Plan sponsors of defined contribution qualified plans may need to issue one or more annual notices to participants before the end of each plan year. Failure to issue a required annual notice can have significant consequences. For example, if a plan sponsor forgets to issue the annual 401(k) safe harbor notice, the plan could lose its safe harbor status and be forced to limit (or refund) contributions by highly compensated employees.
This advisory serves as a reminder of the multiple yearend notices that defined contribution plans must issue to participants. These notices must be distributed within a reasonable period of time, typically 30 days, prior to the start of the plan year.
The following table provides a list of the content and deadlines for the most common notices that plan sponsors may need to distribute. It includes:
- Traditional Safe Harbor 401(k) Notice
- Qualified Automatic Contribution Arrangements for a Safe Harbor 401(k) Notice
- Eligible Automatic Contribution Arrangement Notice
- Qualified Default Investment Alternative Notice (QDIA)
- Non-Safe Harbor Automatic Contribution Arrangement Notice
Click here to view table
- The IRS has generally taken the position that mid-year changes to any plan feature described in a plan’s annual safe harbor notice may cause the plan to violate the 401(k) safe harbor requirements. The IRS has provided specific exceptions for the addition of a Roth 401(k) feature and certain changes to hardship distribution procedures (see Announcement 2007-59). Plan sponsors may not be able to make any other changes to plan features that were previously described in the annual safe harbor notice (e.g., changes to the plan’s vesting schedule). The IRS’s reasoning is that the notice may cause the participants to rely on the information contained in the notice, and thus mid-year changes would harm the participants. We hope the IRS clarifies its position in the future, but in the meantime, it may be helpful to include a disclaimer in the notice specifically stating which plan provisions described in the notice may be amended mid-year, so as not to turn your notice into an unnecessary promise.

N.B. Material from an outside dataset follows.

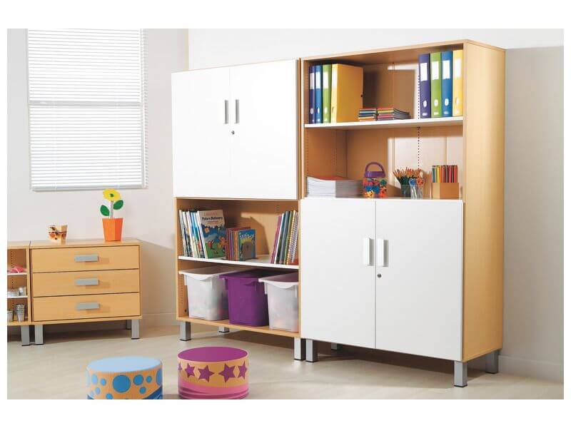 Die intelligente Aufteilung mit Türen, Einlegeböden und offenen Regalfächern, macht den Kombischrank zu einem Stauraumgarant. Farbige Dekore schaffen Abwechslung bei der Einrichtung und machen das Möbelstück noch ein Stück kinderfreundlicher. Alle Holzteile sind beidseitig melaminharzbeschichtet, wodurch die Oberfläche kratzfest, lichtbeständig und leicht zu reinigen ist.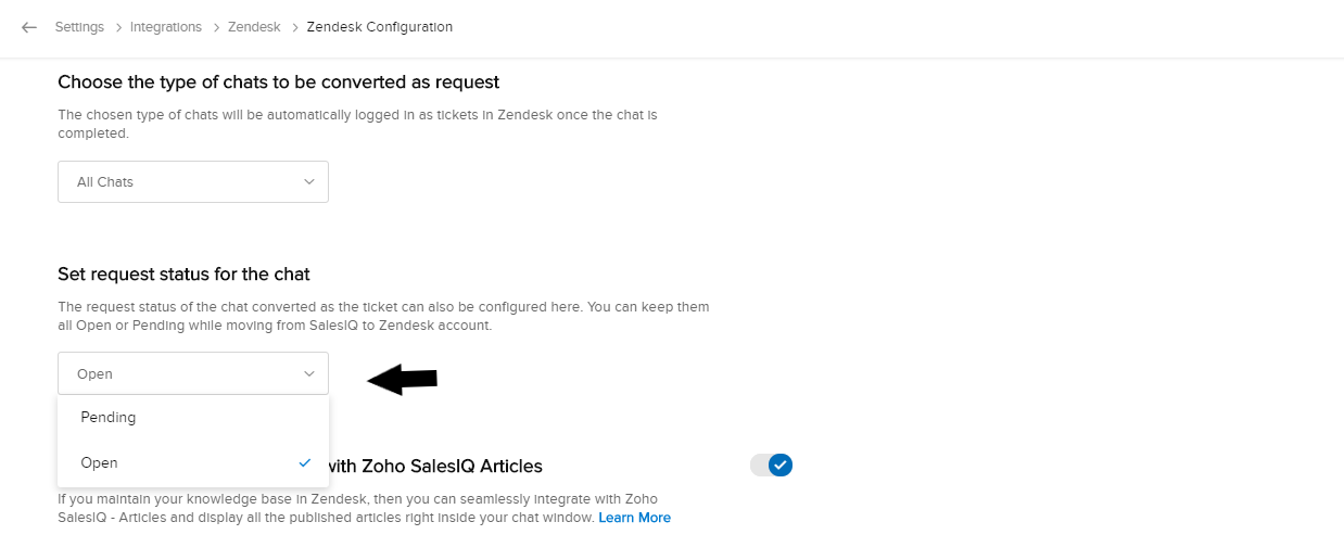 Zoho SalesIQで対応したチャットから変換されたZendeskチケットのステータスを選択できます。オープンや保留中などのステータスを指定できます。Zoho SalesIQで未対応のチャットから変換されたチケットのステータスは、[未完了]になります。

- Plan sponsors can combine multiple notices in a single notice.
- These notices may also require distribution during the plan year to newly eligible participants or rehired participants.
- Sponsors of defined contribution plans may also have other notices they must provide participants, such as diversification notices (ERISA Section 101(m); IRC Section 401(a)(35)) and quarterly or annual participant statements (ERISA Section 105(a)).